Jan 17 2020, 01:48 PM (BDT) |




Asian stocks and currencies are mixed, despite global investors being given positive signals on the world’s two largest economies. US retail sales climbed 0.3 percent in December while jobless claims came in lower than expected at 204,000. China’s economy grew 6.1 percent in 2019, meeting the official target range for the year, while its December industrial production and retail sales figures topped estimates, confirming the picture of an economy that has bottomed.


The latest slew of economic data suggests that the global economy is stabilising and poised for a recovery amid de-escalating US-China trade tensions. Such an environment should also offer emerging markets the chance to find a more stable footing and provide room for riskier assets to advance higher. Although downside risks such as geopolitical conflicts could rear their head at any time, investors should be able to move forward with cautious optimism knowing that major risks have considerably subsided for the time being.

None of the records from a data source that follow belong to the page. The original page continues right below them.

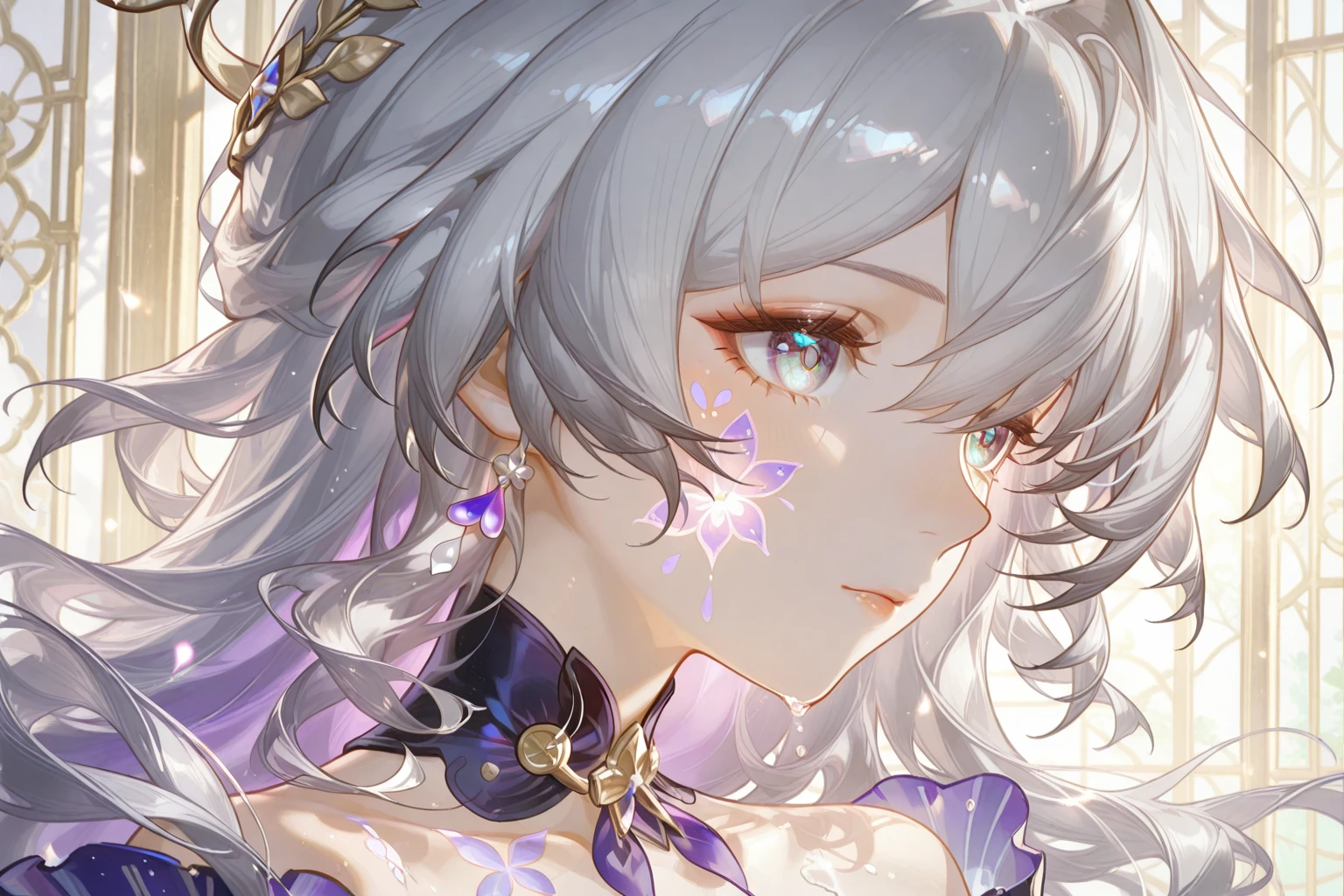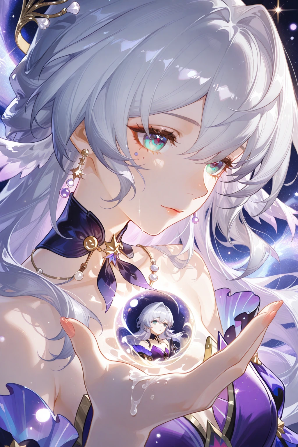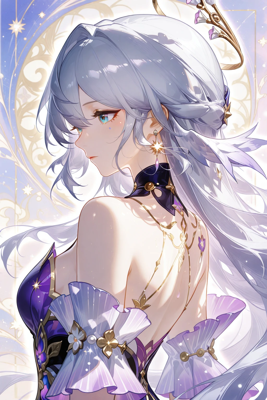 First half of the art style trigger words:masterpiece,best quality,ultra-detailed,official art,anime illustration,dynamic composition,expressive painterly strokes,fluid linework,soft painterly style,translucent rendering,ornate character design,intricate costume details,mythical and dreamlike atmosphere,sense of movement and fluidity,glossy and iridescent textures,
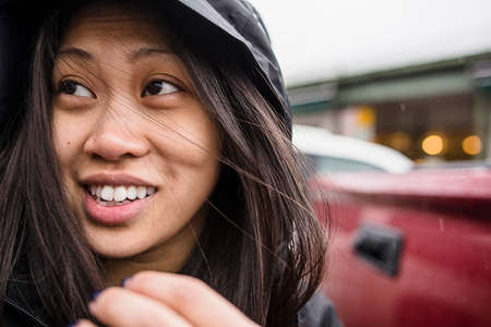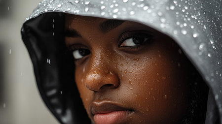 Close-up of a woman wearing a grey raincoat with raindrops glistening on her hood, focusing on her calm expression as she faces the rain
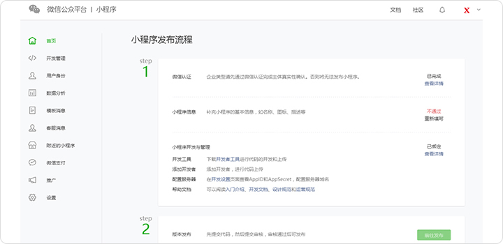 方式二:通过微信认证验证主体身份,需支付300元认证费。认证通过前,小程序部分功能暂无法使用。
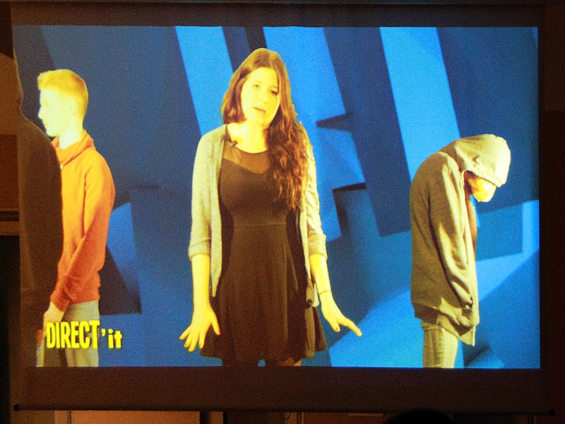 Melle Croquefer, professeur de théâtre proposait, elle aussi, plusieurs niveaux de lecture de la notion de "métissage". Tout d'abord parce que les différentes saynètes jouées, étaient issues de textes de collègiens de 3ème. Ces textes avaient été réécris par des élèves de 2nde dans le cadre d'une liaison collège / lycée avec plusieurs établissements.
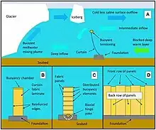 - 1 2 3 4 5 6 Wolovick, Michael; Moore, John; Keefer, Bowie (27 March 2023). "Feasibility of ice sheet conservation using seabed anchored curtains". PNAS Nexus. 2 (3): pgad053. doi:10.1093/pnasnexus/pgad053. PMC 10062297. PMID 37007716.
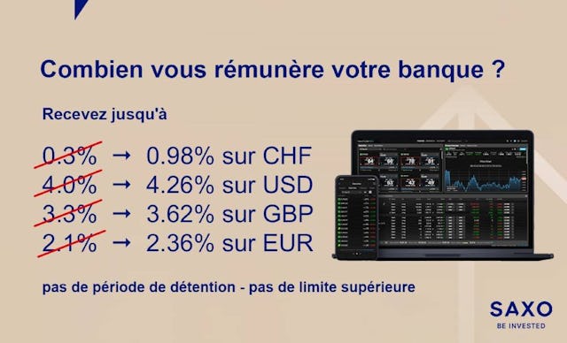 Saxo Bank a une approche très différente, comme l'explique son CEO George Falkner: «Chez Saxo Bank, nous avons pour ambition d'aider nos clients à tirer le meilleur profit de leur argent. C'est pourquoi nous rémunérons leurs avoirs au taux du marché. Actuellement, ils bénéficient d'un taux d'intérêt allant jusqu'à 0,98% pour les avoirs en francs - et même nettement plus pour les avoirs en devises étrangères! Le principe est le suivant: plus vous détenez d'argent sur votre compte auprès de Saxo Bank, plus le taux d'intérêt que vous recevez est élevé - et ce, sans plafond et sans période de blocage pour retirer des fonds».
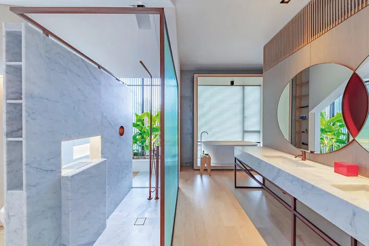 大理石洗手台,是他和太太飞到意大利卡拉拉,特地采购一整块大理石打造而成。
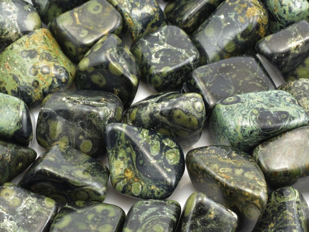 Tromlovaný eldarit (kambaba). Kambaba (také známý jako Jaspis kambaba) je nádherný drahý kámen pocházející z Madagaskaru, který okouzlí svými unikátními černými kruhy na zeleném pozadí.

A steady global economy should also offer a solid platform for equities to climb higher, with the ongoing US earnings season serving as the catalyst for further gains. Even with the S&P 500 and the MSCI World Index already at record highs, stock bulls are still expected to hold court over the coming weeks, despite US equities having ventured into overbought and overvalued territory. Investors expect corporate America to report its first earnings growth since the end of 2018, with yesterday’s new leg up in US stocks boosted by Morgan Stanley’s record annual earnings.


Major central banks, IMF could add more gloss to the global economic outlook


Considering the positive tint to the global economic outlook, major central banks around the world are expected to have enough reasons to refrain from further policy easing in 2020. Markets are predicting that the European Central Bank, the Bank of Canada and the Bank of Japan will leave their respective policy settings unchanged during their policy meetings in the coming week. The economic outlook provided by some of the world’s most important central banks over the coming days may add further colour to the markets, as investors ascertain how much more exposure to risk is warranted in the near term.


The IMF could also set the tone for financial markets at the onset of the week when it releases its World Economic Outlook on Monday. Should the IMF strike a more optimistic tone over the prospects of an economic recovery worldwide in 2020, that could give risk-on sentiment another shot in the arm.